1. seageath's Avatar
    The BB is stolen, I have contacted the telco provider since it's under contract. They said that the only can block the number but not the BB.
    Bad thing is I haven't set BB Protect and enabled BB track location app.
    What should I do to block the stolen BB for being used and permanently disable the handset? Any idea?
    Just want to teach the culprit some lesson ...
    01-10-13 01:45 AM
  2. SparkyBC's Avatar
    Well your provider is totally useless. Call them and ask to talk to a supervisor a reported phone once the esn is reported stolen it renders the phone useless. It will never be activated or work again. The browser would work on wifi, that's it.
    01-10-13 02:03 AM
  3. donmateo's Avatar
    You can wipe it via BB Protect, but I agree with the above poster.
    01-10-13 10:52 AM
  4. shupor's Avatar
    Well your provider is totally useless. Call them and ask to talk to a supervisor a reported phone once the esn is reported stolen it renders the phone useless. It will never be activated or work again. The browser would work on wifi, that's it.
    I take it you have never been in that situation before. If it is a CDMA phone then the carrier can block the ESN. GSM phones don't use ESN's, they use IMEI's and as of June of last year there wasn't a shared blocked IMEI database amongst GSM providers in the US. Had GSM phones stolen on both Tmobile and ATT networks and was told by both carriers that only RIM could blacklist the device (probably the runaround but point is it's not as easy to achieve as one would think)
    http://www.digitaltrends.com/mobile/...es-on-july-10/
    Last edited by shupor; 01-10-13 at 12:52 PM. Reason: additional info received
    01-10-13 11:30 AM
  5. collinc93's Avatar
    BB Protect...never own a Blackberry without registering it
    01-10-13 03:24 PM
  6. jwn66's Avatar
    Should build in a little firecracker that you can set off that will wreck the insides, detonate it thru BBP, would be hilarious, thief has it then all of a sudden puff of smoke comes up from there grubby little pocket, lul.
    01-10-13 03:52 PM
  7. Tim-ANC's Avatar
    I take it you have never been in that situation before. If it is a CDMA phone then the carrier can block the ESN. GSM phones don't use ESN's, they use IMEI's and as of June of last year there wasn't a shared blocked IMEI database amongst GSM providers in the US. Had GSM phones stolen on both Tmobile and ATT networks and was told by both carriers that only RIM could blacklist the device (probably the runaround but point is it's not as easy to achieve as one would think)
    AT&T customers can start blocking stolen devices on July 10 | Digital Trends
    So, if you don't pay your phone bill the carrier can't shut it down?
    01-11-13 02:37 PM
  8. raino's Avatar
    So, if you don't pay your phone bill the carrier can't shut it down?
    Well, yes and no. They can blacklist the IMEI which would at least render the phone useless on their network. If there's blacklist sharing between carriers, the IMEI will get blacklisted on other networks too.

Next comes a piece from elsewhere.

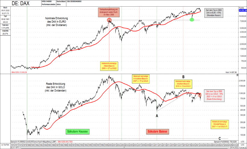 Abb. 1: DAX in EUR (oben) versus DAX in oz Gold (unten) von 01/1976 bis 04/2022

    The only truly global block is a PIN block. That's put in place by RIM. But I'm not sure if even a PIN block prevents voice calls and SMS.
    01-11-13 04:06 PM
  9. shupor's Avatar
    So, if you don't pay your phone bill the carrier can't shut it down?
    GSM carriers can block your line(SIM) as well and the IMEI if they choose to do so. Where it gets tricky is the phone will work on other networks unless they share their blocked list database and as it stands, the GSM carriers in the US do not share their database as yet.

    There are also tools to spoof the IMEI or void the block and the carriers know this and chances of you getting them to block your IMEI just because it is stolen are slim.

    The GSM are generally reluctant to even bother putting the IMEI block on
    01-11-13 04:35 PM
  10. raino's Avatar
    as it stands, the GSM carriers in the US do not share their database as yet.
    Actually this is not correct as of November 1 2012. See here.

    The GSM are generally reluctant to even bother putting the IMEI block on
    Where are you getting this information? At least one major carrier, AT&T, has no problems blacklisting IMEI for stolen devices. T-Mobile didn't do so at the time this article was written (7/12), but they might be IMEI blocking too now.